Task to carry out: All lines from the one bearing "我很好奇这个有人抽到奖励吗,二十多抽全是谢谢惠顾" through the end of the data below must be printed exactly as they stand, with pictures removed.

Records for this exercise:
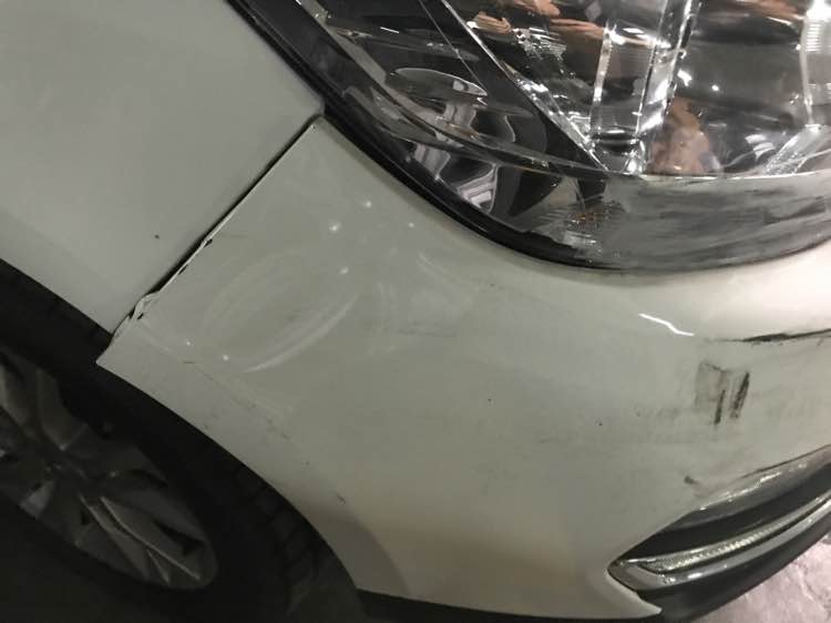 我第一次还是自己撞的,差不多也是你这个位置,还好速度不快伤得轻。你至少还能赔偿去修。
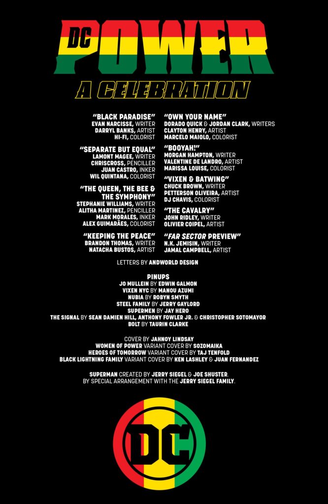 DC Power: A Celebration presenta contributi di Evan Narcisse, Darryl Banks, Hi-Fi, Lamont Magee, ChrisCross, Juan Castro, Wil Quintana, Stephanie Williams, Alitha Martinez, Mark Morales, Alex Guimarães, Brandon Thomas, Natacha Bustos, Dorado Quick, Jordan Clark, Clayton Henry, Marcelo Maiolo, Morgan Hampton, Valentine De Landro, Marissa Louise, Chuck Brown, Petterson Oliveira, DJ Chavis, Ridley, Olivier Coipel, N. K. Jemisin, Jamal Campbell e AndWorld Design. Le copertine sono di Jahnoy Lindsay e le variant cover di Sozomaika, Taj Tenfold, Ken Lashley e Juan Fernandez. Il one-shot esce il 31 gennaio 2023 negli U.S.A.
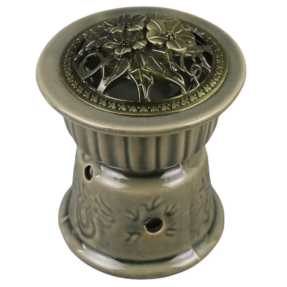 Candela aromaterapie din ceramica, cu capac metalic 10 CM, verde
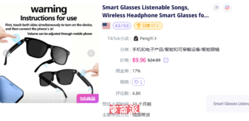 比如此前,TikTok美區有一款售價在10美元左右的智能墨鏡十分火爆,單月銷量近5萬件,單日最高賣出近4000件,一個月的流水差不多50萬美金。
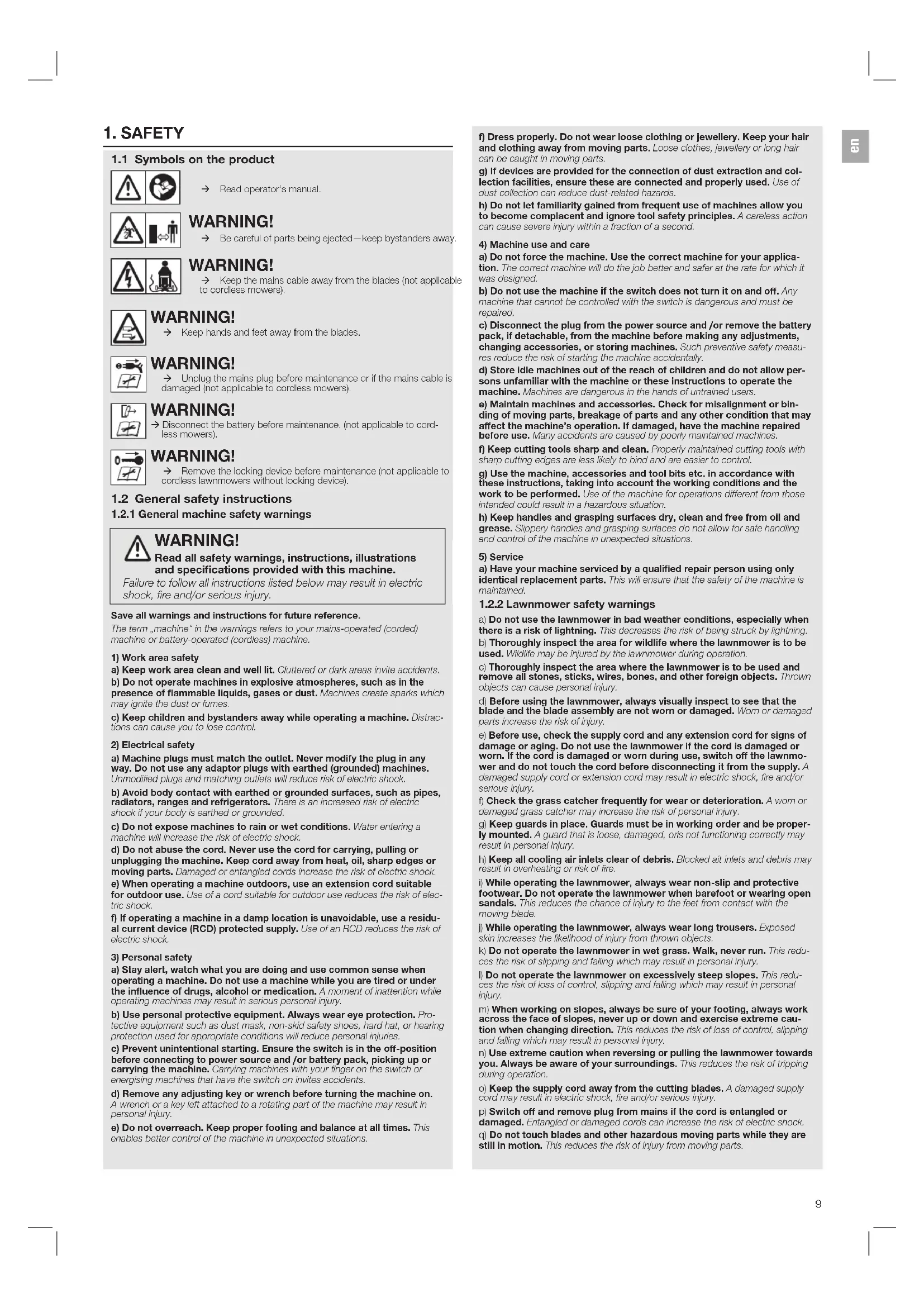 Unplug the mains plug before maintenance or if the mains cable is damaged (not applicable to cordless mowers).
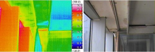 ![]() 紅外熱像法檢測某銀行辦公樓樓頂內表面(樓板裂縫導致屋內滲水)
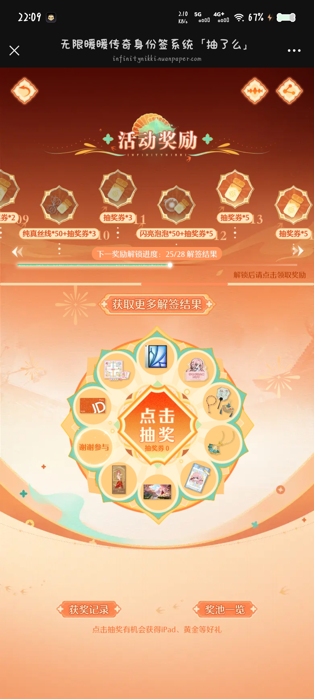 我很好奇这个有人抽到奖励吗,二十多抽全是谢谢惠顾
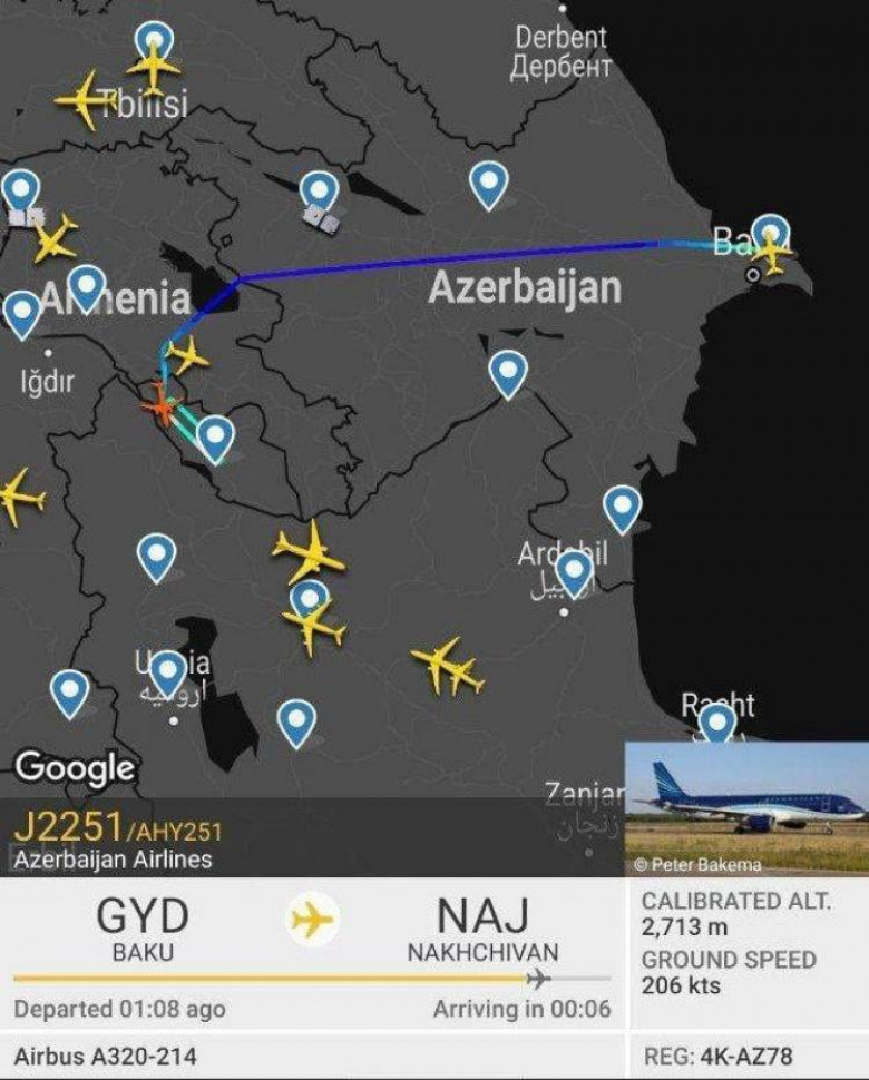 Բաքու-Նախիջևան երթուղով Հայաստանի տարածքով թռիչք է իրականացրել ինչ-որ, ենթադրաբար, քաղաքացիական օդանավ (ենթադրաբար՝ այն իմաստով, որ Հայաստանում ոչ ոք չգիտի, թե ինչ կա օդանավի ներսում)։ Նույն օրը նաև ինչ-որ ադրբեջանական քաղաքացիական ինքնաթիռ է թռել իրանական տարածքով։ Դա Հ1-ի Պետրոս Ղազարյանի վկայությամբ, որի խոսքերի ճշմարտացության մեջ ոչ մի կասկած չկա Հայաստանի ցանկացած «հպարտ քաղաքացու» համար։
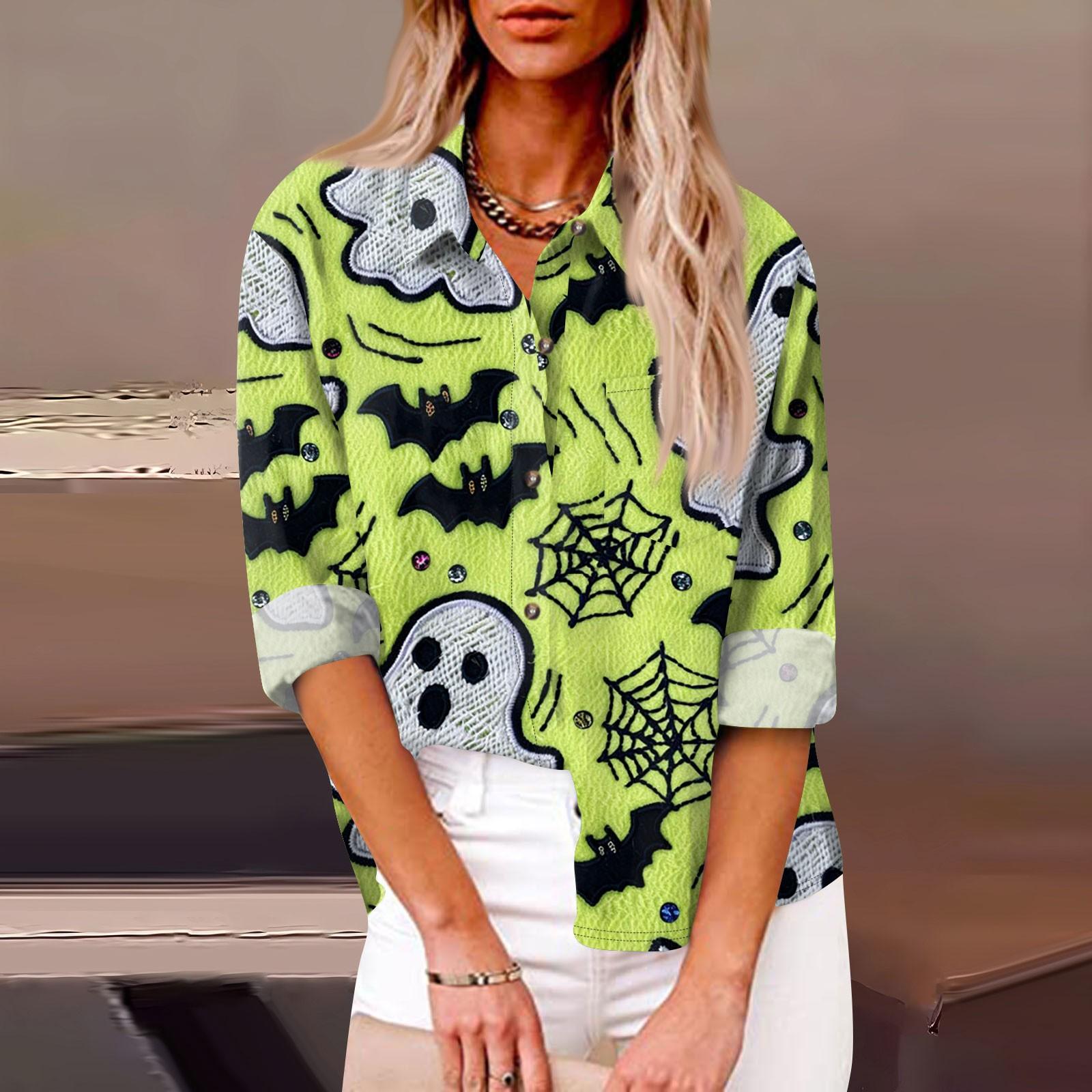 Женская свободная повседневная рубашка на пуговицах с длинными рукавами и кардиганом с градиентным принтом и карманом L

Response for this exercise:
 我很好奇这个有人抽到奖励吗,二十多抽全是谢谢惠顾
 Բաքու-Նախիջևան երթուղով Հայաստանի տարածքով թռիչք է իրականացրել ինչ-որ, ենթադրաբար, քաղաքացիական օդանավ (ենթադրաբար՝ այն իմաստով, որ Հայաստանում ոչ ոք չգիտի, թե ինչ կա օդանավի ներսում)։ Նույն օրը նաև ինչ-որ ադրբեջանական քաղաքացիական ինքնաթիռ է թռել իրանական տարածքով։ Դա Հ1-ի Պետրոս Ղազարյանի վկայությամբ, որի խոսքերի ճշմարտացության մեջ ոչ մի կասկած չկա Հայաստանի ցանկացած «հպարտ քաղաքացու» համար։
 Женская свободная повседневная рубашка на пуговицах с длинными рукавами и кардиганом с градиентным принтом и карманом L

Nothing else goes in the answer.